Special Report: Trafficking Innocence, A Hidden Epidemic

“What all is involved and how cruel and horrific of a world it is, it’s got to stop. One way or another it’s got to stop.”

You may have heard the term “human trafficking,” but are you even sure what it is?

Could you spot the signs that its happening?

Michigan is in the top 10 nationwide for this disturbing crime and it could even be affecting people you know.

Human trafficking is modern day slavery.

Girls around the age of 12 sold for sex and held by fear.

You may think it’s a crime that only happens in big-metro areas, but it is happening right here in Northern Michigan.

“Misconception is we are isolated up here, nothing ever happens in the UP, that’s not true at all,” said special agent Todd Wilton.

Todd Wilton is a special agent for the U.S. Department of Homeland Security.

He spends his days tracking down traffickers and those who “buy” victims.

“Unfortunately, it is what it is, but for us we are seeing more human trafficking in the Upper Peninsula and even the northern lower. The majority of it is occurring through the cyber world,” added Wilton.

On websites like Craigslist or even Facebook, where cryptic ads are fronts for selling young girls for sex.

“They’ll put on ads of the trafficking victims for solicitation purposes, and potential johns will find the ads and respond to them. It’s masked as escort service or dating service or something along those lines,” explained Wilton.

But who are the victims and how do they get taken by traffickers?

In reality, victims are likely never taken and lead seemingly normal lives, but it’s a life wrapped in fear and abuse

“You will never know that the kid you go to school with, their trafficker takes them down to Grand Rapids to a convention and prostitutes them out to a group of businessmen,” said Betsy Huggett.

Betsy Huggett is the Executive Director of the Diane Peppler Resource Center in Sault Ste. Marie.

“Particularly in this area, there’s things going on where girls lives are ruined, they are absolutely ruined,” added Huggett.

She works with victims on a daily basis.

Huggett says traffickers early on will promise gifts or money and later use fear of violence or humiliation to keep victims trapped.

“You never know what they are holding over that person,” she added.

In many cases the victims are no strangers to their traffickers.

“We’ve had situations where the person doing the trafficking was a family friend.

They would come into the home and they would have dinner with the family, and then hey teenage daughter would you like to make some money on the weekends babysitting for our friends,” explained Betsy.
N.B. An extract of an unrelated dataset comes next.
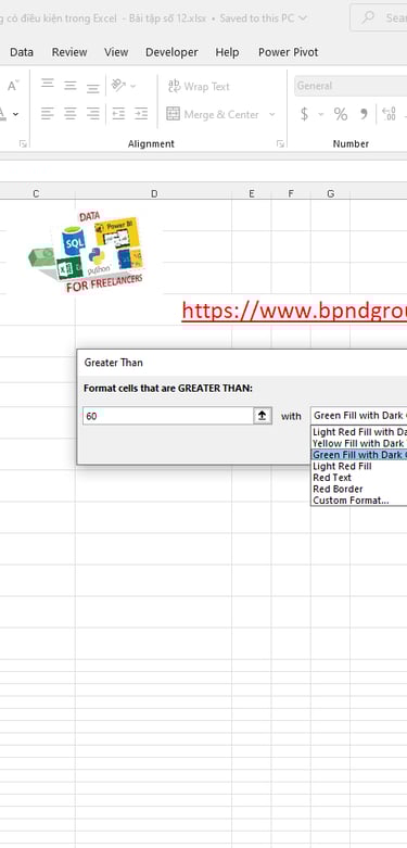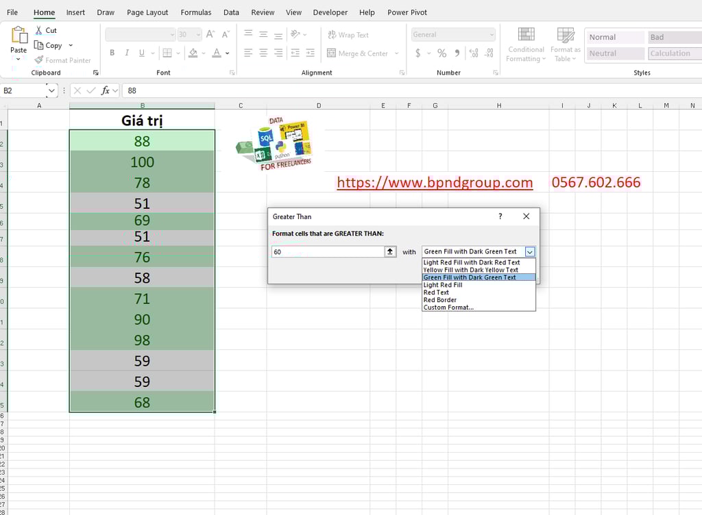 Bây giờ, trong loại giá trị “60” và chọn “Tô màu xanh lá cây với văn bản màu xanh lá cây đậm”:
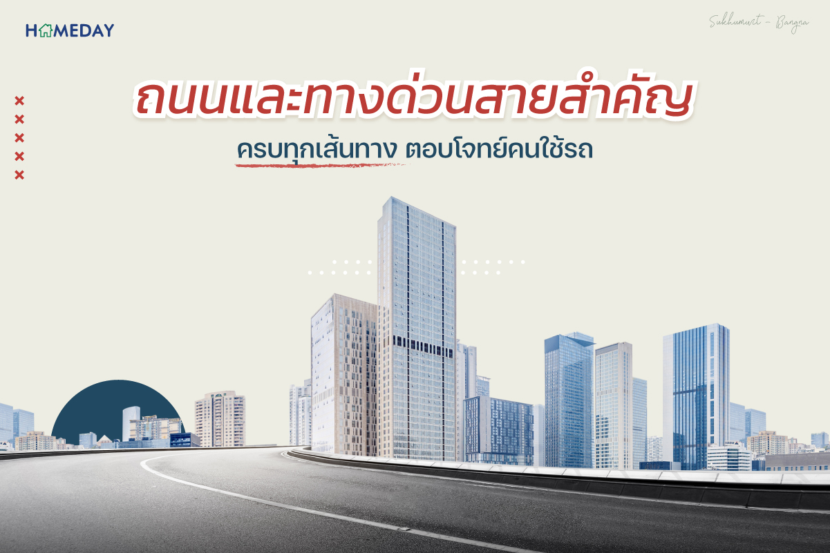 ถนนและทางด่วนสายสำคัญครบทุกเส้นทาง ตอบโจทย์คนใช้รถ การเดินทางในย่าน “สุขุมวิท-บางนา” ด้วยรถยนต์ส่วนตัว ถือได้ว่าเป็นทางเลือกที่มีความสะดวกสบายเป็นอย่างมากครับ เนื่องจากทำเลนี้ ตั้งอยู่กึ่งกลาง ระหว่าง CBD และ ชานเมือง ทำให้สามารถเดินทางเข้าถึงพื้นที่สำคัญ ๆ ต่าง ๆ ได้อย่างง่ายดาย โดยถนนเส้นหลักแน่นอนว่าคือ ‘ถนนสุขุมวิท’ นั่นเองครับ ซึ่งถนนเส้นนี้เริ่มต้นที่แยกแพรกพรรณ ในพื้นที่ของเขตพระโขนง และสิ้นสุดที่ทางแยกประชาอุทิศ ในพื้นที่ของเขตบางนา เชื่อมต่อกับถนนเส้นอื่น ๆ ที่มีความสำคัญมากมาย ทั้งถนนอโศก, ถนนเพชรบุรี, ถนนสาทร, ถนนสีลม, ถนนพระราม 4 ฯลฯ คนทำงานย่าน CBD บอกเลยว่าชิลครับ

“By the time you realize what’s going on, you can’t get out.”

It’s an epidemic that continues to grow and while people like Betsy and Special Agent Wilton work the frontlines, they need help from parents and the public to save the abused and prevent it from happening to others.

“Be involved as a parent, be involved in your kids’ lives, know what’s going on with them on the internet, know who their friends are. If your kids are coming home with devices that you did not buy for them or if they are coming home with new clothes, start asking a lot of questions,” added Betsy.

“My opinion the only way we can stop it is with the help of the public. The goal is to stop human trafficking once and for all,” said Wilton.

If you are a victim seeking counseling please call the Diane Peppler Resource Center at 906-635-0566.

And if you have any information or think you may have spotted a sign of human trafficking, please call your local law enforcement or the National Human Trafficking Hotline at 1-888-373-7888.

Your information is confidential and it could help save one person from modern day slavery.